From these and many other facts, the Referee concluded that the Affiliates and Realty were but instrumentalities of the bankrupt with no separate existence of their own. Consequently, there existed a unity of interest and ownership common to all corporations, and that to adhere to the separate corporate entities theory would result in an injustice to the bankrupt's creditors.
It is difficult to imagine a better example of commingling of assets and functions and of the flagrant disregard of corporate forms than as here demonstrated by the bankrupt. One gains the distinct impression that the bankrupt held up the veils of the fourteen collateral corporations primarily, if not solely, for the benefit of the tax gatherer, but otherwise completely disregarded them. Even Salome's could not have been more diaphanous. On these facts, we are convinced that the claims of individual corporate entities advanced for the Affiliates and Realty are "without color of merit, and a mere pretense." Harrison v. Chamberlin, supra, 276 U.S. at 195, 46 S.Ct. at 469, 70 L.Ed. 897. The Referee's use of a summary proceeding was thus entirely proper. See Fish v. East, 114 F.2d 177 (10th Cir. 1940); In re Schoenberg, 70 F.2d 321 (2d Cir. 1934); In re Eilers Music House, 270 F. 915 (9th Cir.), cert. denied, 257 U.S. 646, 42 S.Ct. 55, 66 L.Ed. 414 (1921); In re Muncie Pulp Co., 139 F. 546 (2d Cir.), cert. denied, 202 U.S. 621, 26 S.Ct. 766, 50 L.Ed. 1175 (1905).

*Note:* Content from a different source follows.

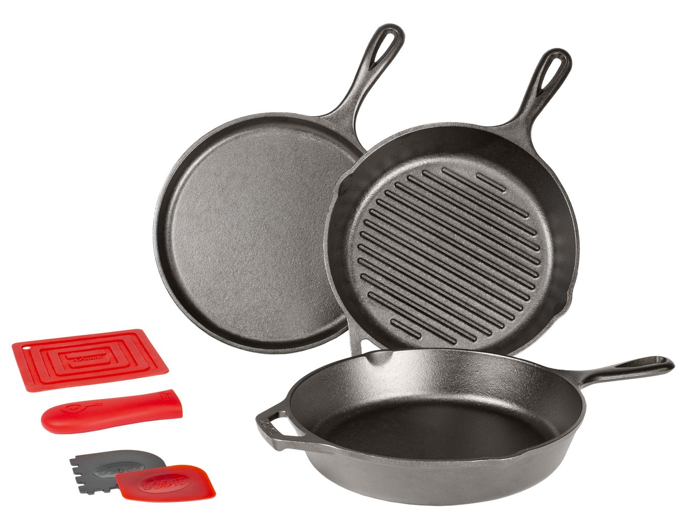 Lze je používat na plynovém, indukčním i sklokeramickém sporáku, v troubě, v grilu či přímo na uhlících – univerzální pro vaření, restování, dušení i pečení. Díky seasoningu (přírodní nepřilnavý povrch) jsou snadné na údržbu – stačí je umýt teplou vodou, jemným kartáčkem, lehce potřít olejem, osušit a pánve jsou připraveny k dalšímu použití. S touto sadou můžete připravovat jak restované, tak grilované pokrmy z masa, smashburgery, ale i lívance nebo palačinky. Litinové nádobí Lodge charakterizuje odolnost a dlouhá životnost, ideální pro všechny nadšence venkovního i domácího vaření.

Although we hold that the Referee properly decided the preliminary jurisdictional issue, the question of the propriety of the issuance of the turnover order remains. A turnover order is "a judicial innovation by which the court [of bankruptcy] seeks efficiently and expeditiously to accomplish ends prescribed by the statute." Maggio v. Zeitz, 333 U.S. 56, 61, 68 S.Ct. 401, 92 L.Ed. 476 (1948). We cannot agree with the Bank's contention that the corporate veils may be pierced only where the Referee finds that the subsidiary corporations were organized to defraud or hinder creditors. Cf. Bankruptcy Act, § 67(d) 11 U.S.C.A. § 107(d). Contra, Maule Industries Inc. v. Gerstel, 232 F.2d 294 (5th Cir. 1956). In Stone v. Eacho, 127 F.2d 284 (4th Cir.), cert. denied, 317 U.S. 635, 63 S.Ct. 54, 87 L.Ed. 512 (1942), where the facts closely resembled those of the instant case, the court affirmed the issuance of the turnover order, ignoring the corporate entity of a subsidiary corporation, for only then could "all the creditors receive that equality of treatment which it is the purpose of the bankruptcy act to afford." 127 F.2d at 288. A similar conclusion is fully warranted here.
The district court's confirmation of the turnover order is affirmed.